The settlement buys time for the drug companies to try to fashion a more wide-ranging settlement with the 2,400 cities, counties, Native American tribes and others that have sued.

Polster
File photo of U.S. District Judge Dan A. Polster, in his courtroom at the Carl B. Stokes U.S. Courthouse, in Cleveland, Ohio, Jan. 29, 2018. Polster, who oversees countless lawsuits involving the nation's opioid crisis, is trying to reach a last-minute agreement to resolve the cases before the first trial starts. (Maddie McGarvey/Copyright 2019 The New York Times)

CLEVELAND--Two Ohio counties settled with four drug companies on the eve of a landmark federal trial over responsibility for the opioid epidemic, in a $260 million deal that emerged just an hour before opening arguments were set to begin Monday, Oct. 21.

The deal is with the "Big Three" distributors McKesson Corp., AmerisourceBergen and Cardinal Health and Teva Pharmaceuticals, the Israeli-based manufacturer of generic opioids.
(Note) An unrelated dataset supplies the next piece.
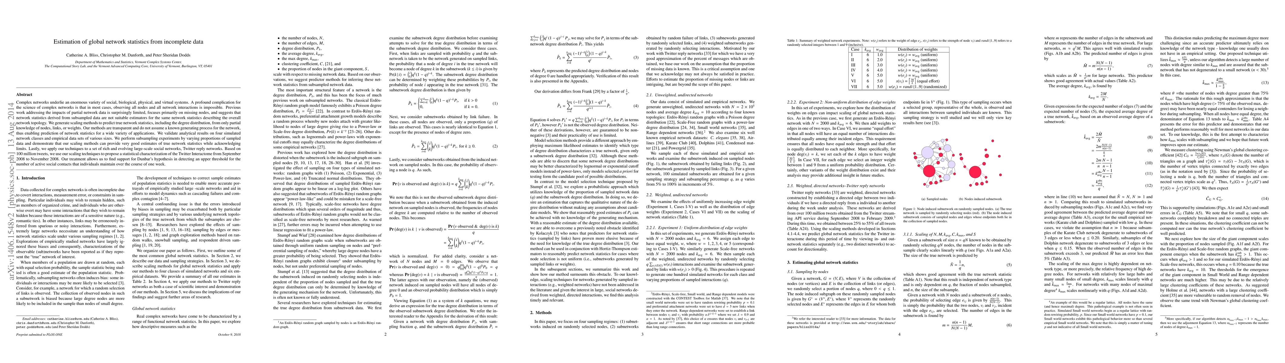 Complex networks underlie an enormous variety of social, biological, physical, and virtual systems. A profound complication for the science of complex networks is that in most cases, observing all nodes and all network interactions is impossible. Previous work addressing the impacts of partial network data is surprisingly limited, focuses primarily on missing nodes, and suggests that network statistics derived from subsampled data are not suitable estimators for the same network statistics describing the overall network topology. We generate scaling methods to predict true network statistics, including the degree distribution, from only partial knowledge of nodes, links, or weights. Our methods are transparent and do not assume a known generating process for the network, thus enabling prediction of network statistics for a wide variety of applications. We validate analytical results on four simulated network classes and empirical data sets of various sizes. We perform subsampling experiments by varying proportions of sampled data and demonstrate that our scaling methods can provide very good estimates of true network statistics while acknowledging limits. Lastly, we apply our techniques to a set of rich and evolving large-scale social networks, Twitter reply networks. Based on 100 million tweets, we use our scaling techniques to propose a statistical characterization of the Twitter Interactome from September 2008 to November 2008. Our treatment allows us to find support for Dunbar's hypothesis in detecting an upper threshold for the number of active social contacts that individuals maintain over the course of one week.

It does not include the fifth defendant, Walgreens, the retail drug store chain that was sued over its own distribution operation. It was not clear whether a trial would proceed with Walgreens as the only defendant. A sixth defendant, Henry Schein Medical, announced Monday morning that it had reached a deal worth $1.25 million with the two counties.

Details of the agreement were set to be announced later Monday morning. Late last night, the companies were still negotiating.

Going to trial could have cost the drug companies more than $8 billion if Cuyahoga and Summit counties were awarded all the money they were seeking. It also buys the companies time to try to fashion a more wide-ranging settlement with the 2,400 cities, counties, Native American tribes and others that have sued the drug industry. Their cases have been consolidated in a sprawling "multidistrict litigation" before a federal judge here.

The Ohio counties would receive $215 million in cash from the distributors and another $20 million from Teva, according to people aware of the settlement, who spoke on condition of anonymity because of the sensitivity of the negotiations. Teva also would supply another $25 million in anti-addiction medication.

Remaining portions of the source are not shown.